10. Use Gmail to Back Up Your Primary Email Account
You're not limited to having a single Gmail account. With this in mind, I created a separate one to serve as an online backup for the email I receive through my main account, which is hosted by my Internet provider. This way, if all of my clever tactics to avoid a hard drive meltdown fail at some point, I at least have a copy of all my incoming email for the past several years tucked away safely in the clouds.
Setting this up through my Internet provider (Earthlink) was simple: I went to my account settings and had copies of incoming messages forwarding to the Gmail address I created.
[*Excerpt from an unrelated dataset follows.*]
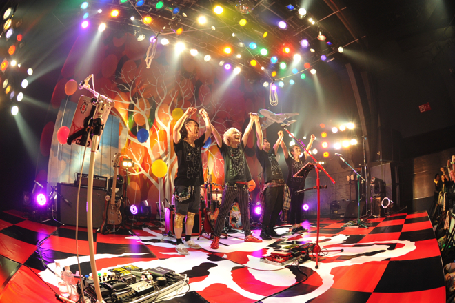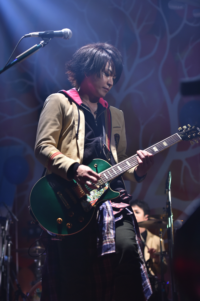 そんなミネムラ”Miney”アキノリ(Vo&G)の言葉に続いて跳びだしたのが、アルバムには未収録、今日のライブでのみ披露された花少年バディーズの「Blue Bad Boy」。ギターの音が鳴り出したとたんにフロア中から黄色い歓声が沸き、会場中の人たちが騒ぎだした。花少年バディーズナンバーは、まだまだ続く。心へ優しい歌声を注ぐよう、ツブク”Mashoe”マサトシ(Vo&B)が「ボールペン」を歌唱。彼の人柄が伝わるメロウでハートフルな歌声と楽曲が、火照った身体を歌の両手で優しく抱きしめてくれるようだ。
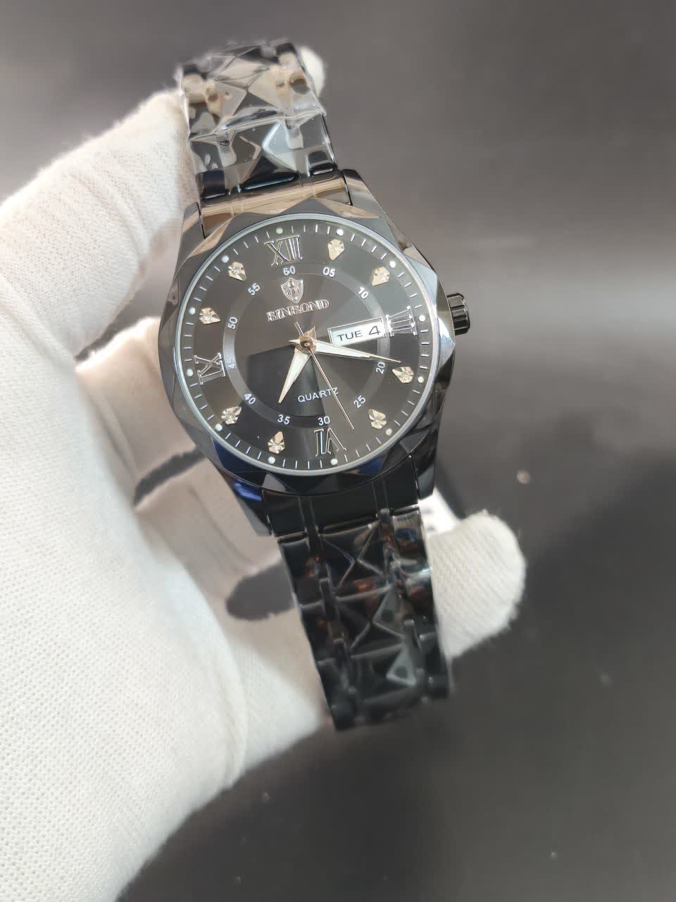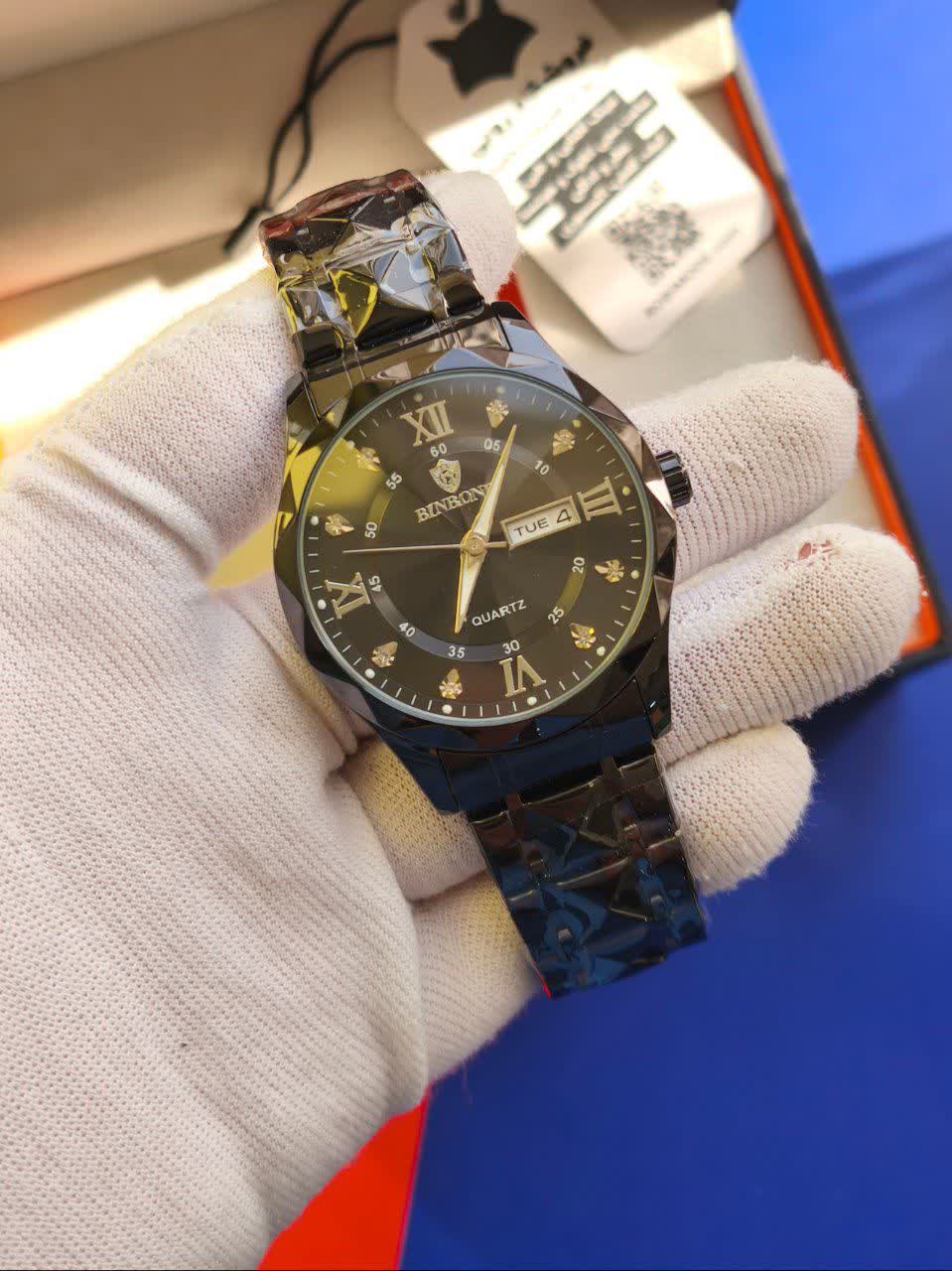 ساعت مچی مردانه بین باند (BIN BOND) الماسی اورجینال با رنگ بند و صفحه مشکی، یک انتخاب شیک و خاص برای آقایان با سلیقه است. این ساعت با بند استیل فولاد توپر و قفل پروانه ای خاص دو قفله، ظاهری مدرن و جذاب دارد. صفحه الماس کاری، شیشه الماسی برجسته و ضد خط و خش نشکن، به همراه موتور کوارتز ژاپنی با دقت عالی، این ساعت را به یک اثر هنری تبدیل کرده است. مقاوم در برابر آب، دارای تقویم، روز شمار و صفحه شب نما بوده و با جعبه هدیه عرضه میشود. برای خرید این ساعت ارزشمند و باکیفیت، به فروشگاه اینترنتی روبی مد سر بزنید.

If that's not possible for you, there's another solution, as long as the email account you're backing up supports POP access (most do). Gmail's Mail Fetcher feature (try saying that three times fast) will automatically copy incoming mail from up to five outside accounts. You'll find it in Gmail Settings, under the Accounts and Import tab.
From grandpalen on September 02, 2011 :: 6:26 pm
got the free number so my mom can call me
any time she wants for free.
i live in god’s country [ Cal ]
mom is in snow belt. [ eh, where it snows always ]
now, the call is local for her.
i give you TEN STARS, steve. thanks from both of us.